_What needs to be done_
Your output should be the lines from the one containing "另外有一個原因就是這次操作介" through the end of the listing, exact and inclusive, with no pictures.
--- Information supplied Enclosed Below ---
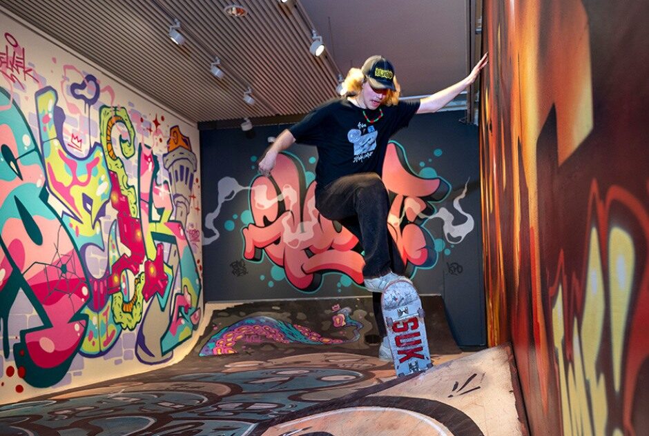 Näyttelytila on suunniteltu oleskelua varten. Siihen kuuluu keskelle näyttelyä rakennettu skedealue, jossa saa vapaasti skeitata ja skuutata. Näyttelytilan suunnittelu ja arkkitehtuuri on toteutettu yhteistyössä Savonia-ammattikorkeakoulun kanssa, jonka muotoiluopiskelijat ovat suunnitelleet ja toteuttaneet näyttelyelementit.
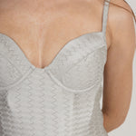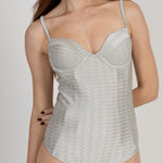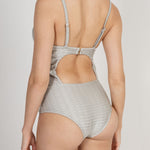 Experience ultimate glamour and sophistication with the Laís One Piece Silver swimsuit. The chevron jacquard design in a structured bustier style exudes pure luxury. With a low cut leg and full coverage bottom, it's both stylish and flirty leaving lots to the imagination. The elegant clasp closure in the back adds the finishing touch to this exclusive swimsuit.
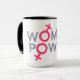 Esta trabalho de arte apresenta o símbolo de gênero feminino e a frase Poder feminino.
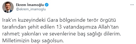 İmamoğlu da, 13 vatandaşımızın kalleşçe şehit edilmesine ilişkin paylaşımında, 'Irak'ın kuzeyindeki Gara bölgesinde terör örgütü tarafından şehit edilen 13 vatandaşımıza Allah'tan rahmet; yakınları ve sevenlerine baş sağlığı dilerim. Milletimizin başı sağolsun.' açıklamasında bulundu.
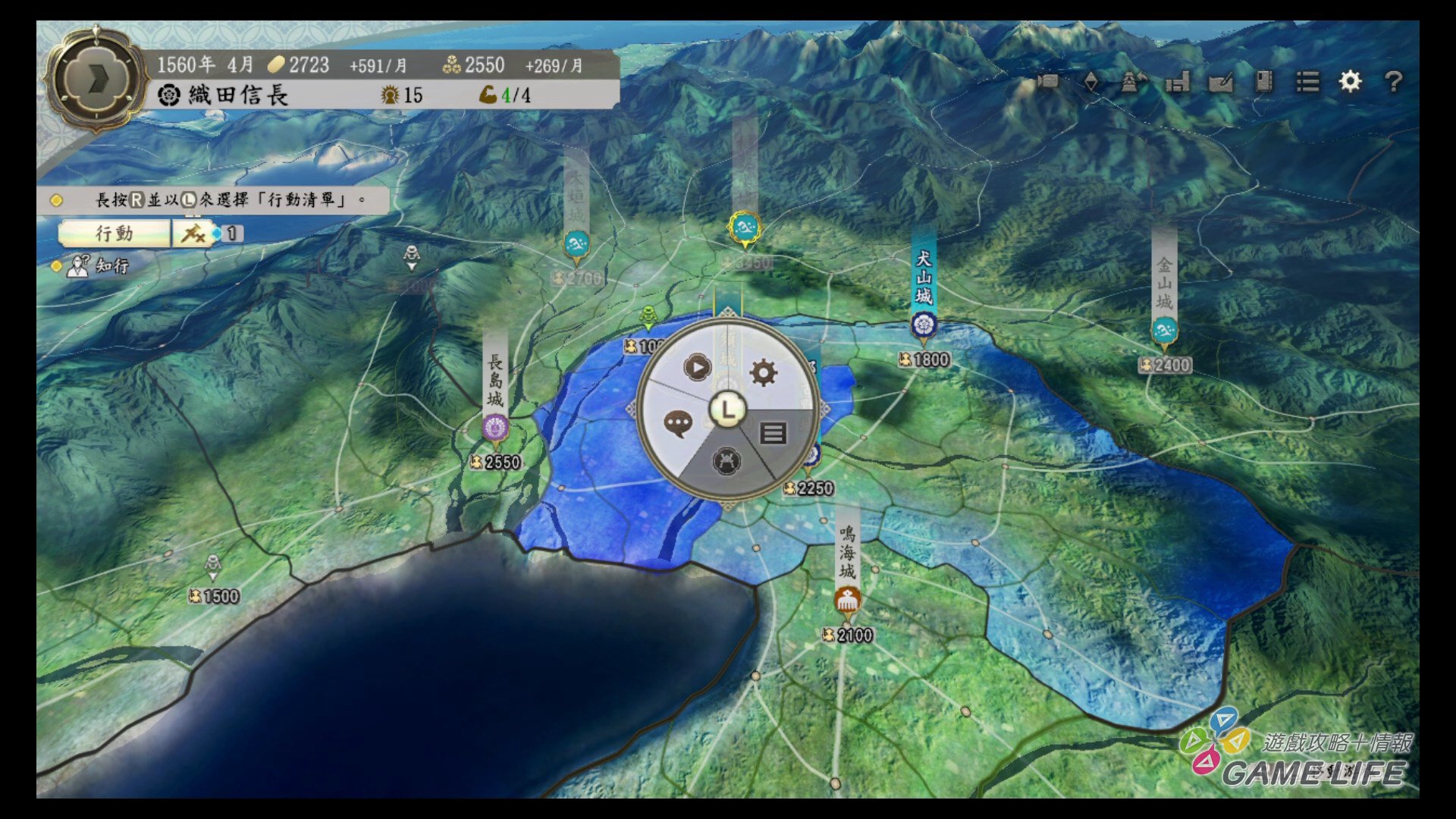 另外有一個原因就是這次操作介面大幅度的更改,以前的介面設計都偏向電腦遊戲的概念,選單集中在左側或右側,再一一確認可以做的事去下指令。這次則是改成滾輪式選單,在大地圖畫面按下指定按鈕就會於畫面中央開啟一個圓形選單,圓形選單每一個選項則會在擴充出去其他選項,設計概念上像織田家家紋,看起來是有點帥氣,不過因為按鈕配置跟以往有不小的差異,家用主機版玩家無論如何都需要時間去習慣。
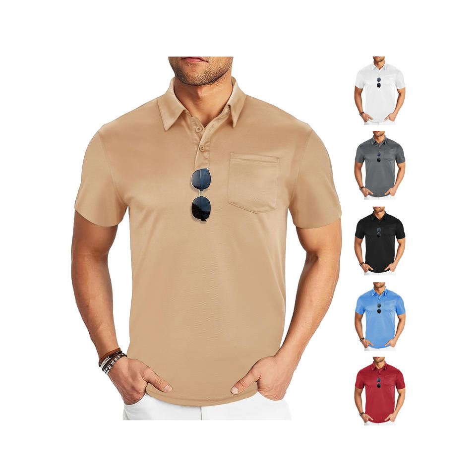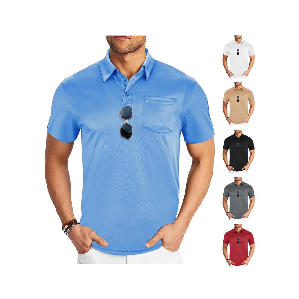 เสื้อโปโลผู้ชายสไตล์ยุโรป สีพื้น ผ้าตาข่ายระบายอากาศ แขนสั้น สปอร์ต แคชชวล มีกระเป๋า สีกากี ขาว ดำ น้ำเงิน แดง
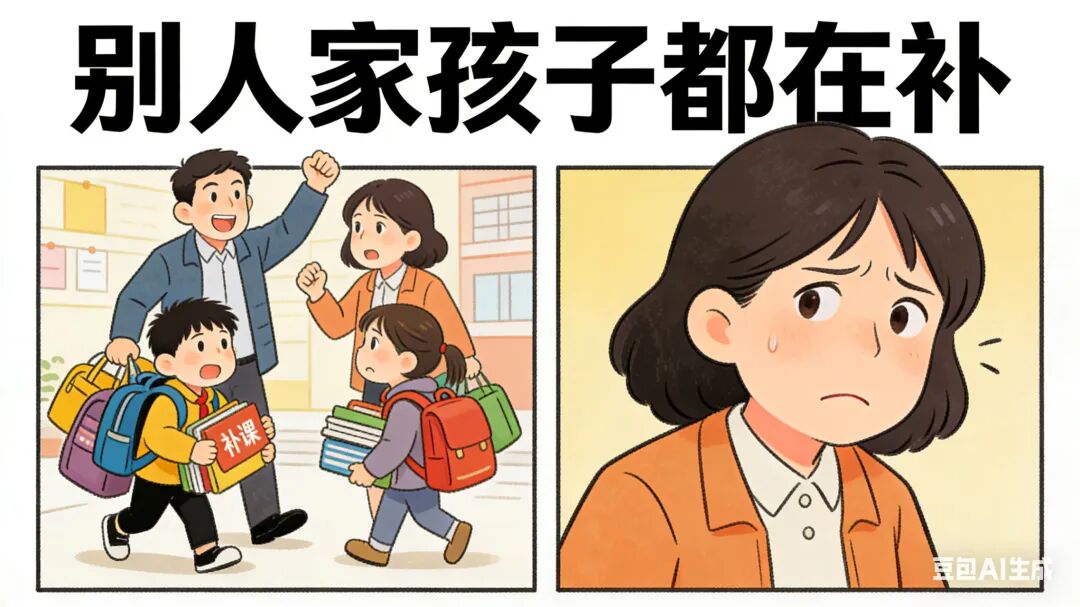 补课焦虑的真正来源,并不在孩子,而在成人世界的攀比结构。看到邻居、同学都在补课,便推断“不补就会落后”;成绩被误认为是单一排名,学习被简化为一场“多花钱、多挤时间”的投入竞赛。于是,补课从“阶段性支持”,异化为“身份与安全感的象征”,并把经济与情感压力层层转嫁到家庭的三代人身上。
--- End of Enclosed Information supplied ---
_Solution to the problem_
 另外有一個原因就是這次操作介面大幅度的更改,以前的介面設計都偏向電腦遊戲的概念,選單集中在左側或右側,再一一確認可以做的事去下指令。這次則是改成滾輪式選單,在大地圖畫面按下指定按鈕就會於畫面中央開啟一個圓形選單,圓形選單每一個選項則會在擴充出去其他選項,設計概念上像織田家家紋,看起來是有點帥氣,不過因為按鈕配置跟以往有不小的差異,家用主機版玩家無論如何都需要時間去習慣。
 เสื้อโปโลผู้ชายสไตล์ยุโรป สีพื้น ผ้าตาข่ายระบายอากาศ แขนสั้น สปอร์ต แคชชวล มีกระเป๋า สีกากี ขาว ดำ น้ำเงิน แดง
 补课焦虑的真正来源,并不在孩子,而在成人世界的攀比结构。看到邻居、同学都在补课,便推断“不补就会落后”;成绩被误认为是单一排名,学习被简化为一场“多花钱、多挤时间”的投入竞赛。于是,补课从“阶段性支持”,异化为“身份与安全感的象征”,并把经济与情感压力层层转嫁到家庭的三代人身上。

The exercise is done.